At the central level, the following taxes will be subsumed: Central Excise Duty, Additional Excise Duty, Service Tax, Countervailing Duty (Additional Customs Duty), and Special Additional Duty of Customs.
At the State level, the following taxes will be subsumed: State Value Added Tax/Sales Tax, Entertainment Tax, Central Sales Tax, Octroi and Entry tax, Purchase Tax, Luxury tax, and Taxes on the lottery betting and gambling.

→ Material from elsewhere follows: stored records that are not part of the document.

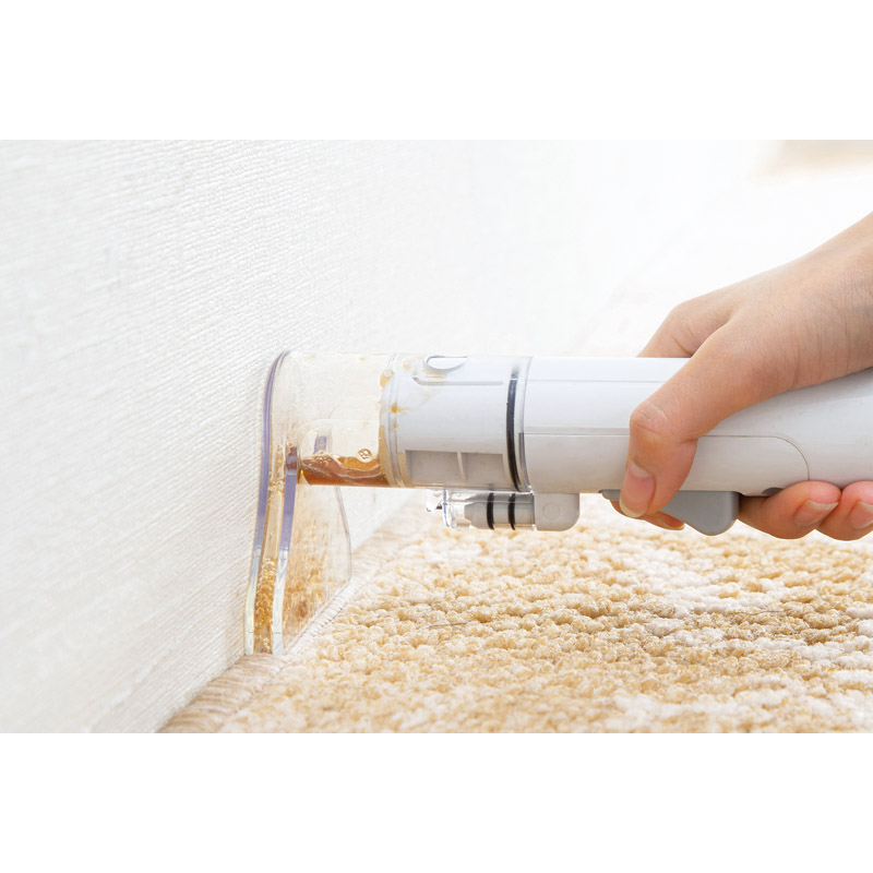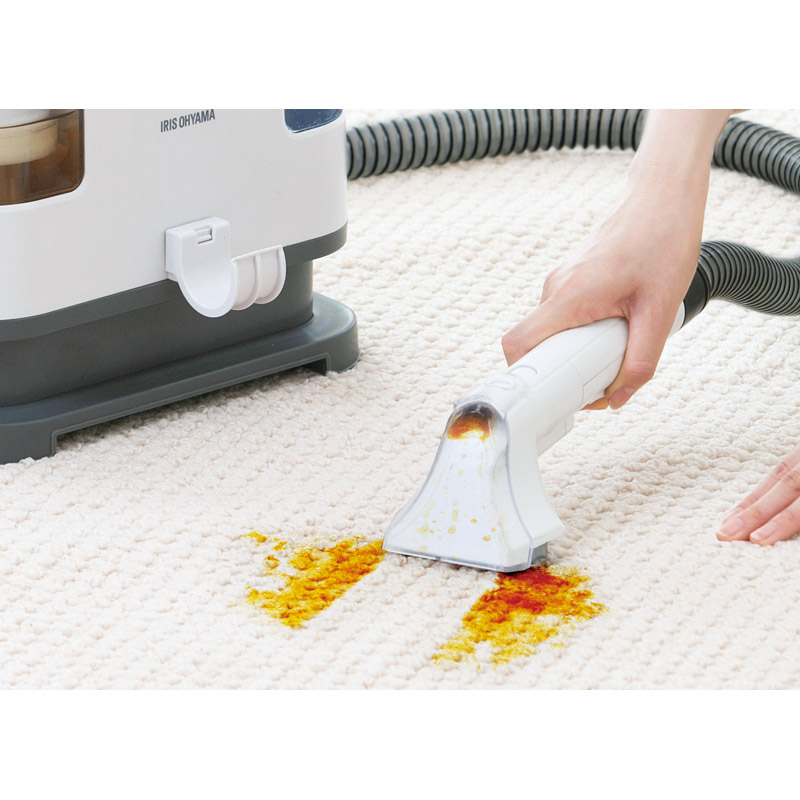水を吹きかけ汚れを浮かせ、浮かせた汚れを水と共に吸い取ることができるリンサークリーナーです。電動ポンプ付きで、レバーを引くだけでラクに水を吹きかけることが出来ます。ソファや車のシートなど、布製品の洗浄に最適です。ブラシ付きヘッドで、汚れをかき出し吸引できます。T型ヘッドで、汚れの溜まりやすい隅や溝の汚れも吸引できます。●清水タンク容量:1.1リットル●回収タンク有効容量:0.4リットル●ホースの長さ:1.2m
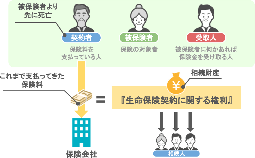 - 被保険者の〝死亡〟を原因として支給される相続財産ではなく、
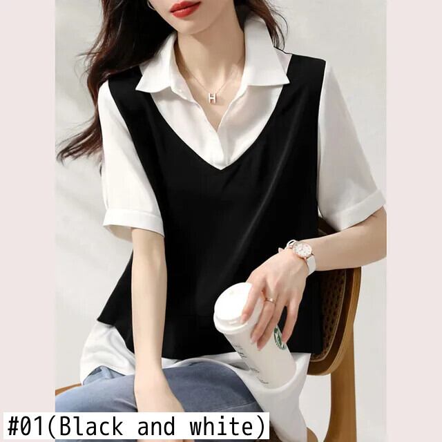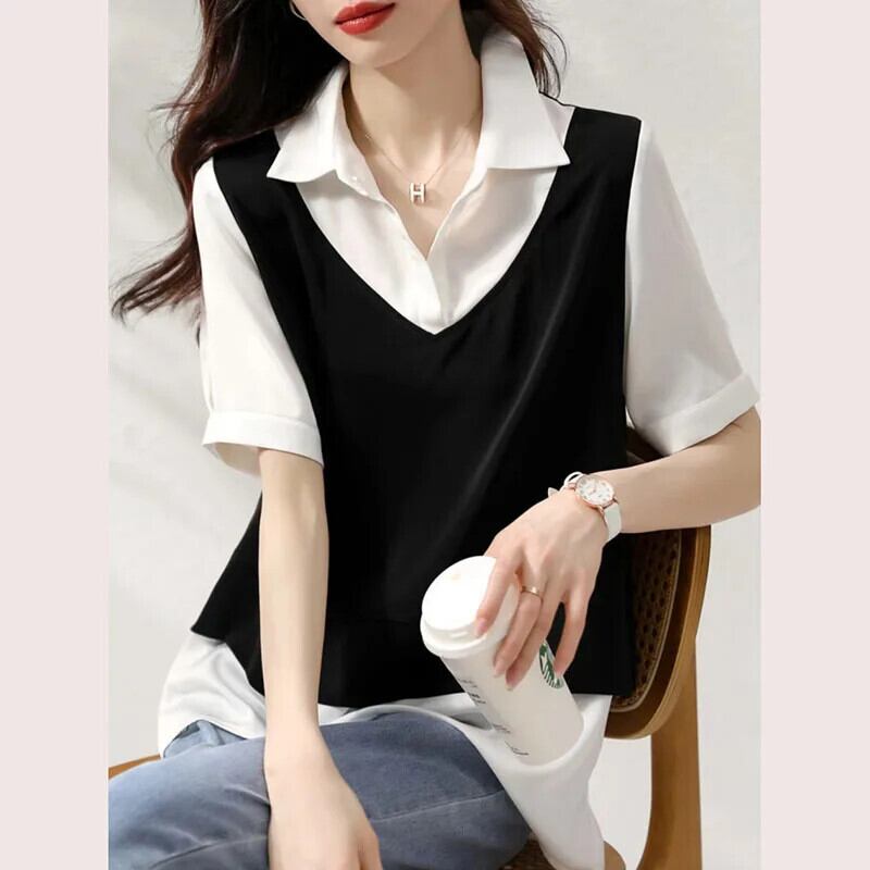 送料無料 ラペルスプライシング不規則なフェイクツーピースブラウス女性の 2023 夏特大トップス非対称シャツ サマー 夏物 AE128877663084167420

The benefits of GST can be summarized as under:
1. Easy compliance
2. Uniformity of tax rates and structures
3. Removal of cascading
4. Improved competitiveness
5. Gain to manufacturers and exporters
• For Central and State Governments
1. Simple and easy to administer
2. Better controls on leakage
3. Higher revenue efficiency
• For the consumer
1. Single and transparent tax proportionate to the value of goods and services
2. Relief in overall tax burden
- The opposition party ‘Congress’ wants a provision capping the GST rate at 18 percent to be added to the Bill itself. It also wants to scrap the proposed 1 per cent additional levy (over and above the GST) for manufacturing states. This levy was demanded by manufacturing states who argued that they needed to be compensated for the investment they had made in improving their manufacturing capabilities. The Centre had agreed to this demand to encourage the states to support the GST Bill.
- The next demand by the Congress was to change the composition of the GST council—the body that decides the various nitty-grittys like rates of tax, period of levy of an additional tax, principles of supply, special provisions to certain states, etc. The proposed composition is for the Council to be two-thirds comprised from states and one-third from the Centre.
- The Congress also wants the Centre’s share to be reduced to one-fourth. This demand, however, was rejected by even the Rajya Sabha Standing Committee.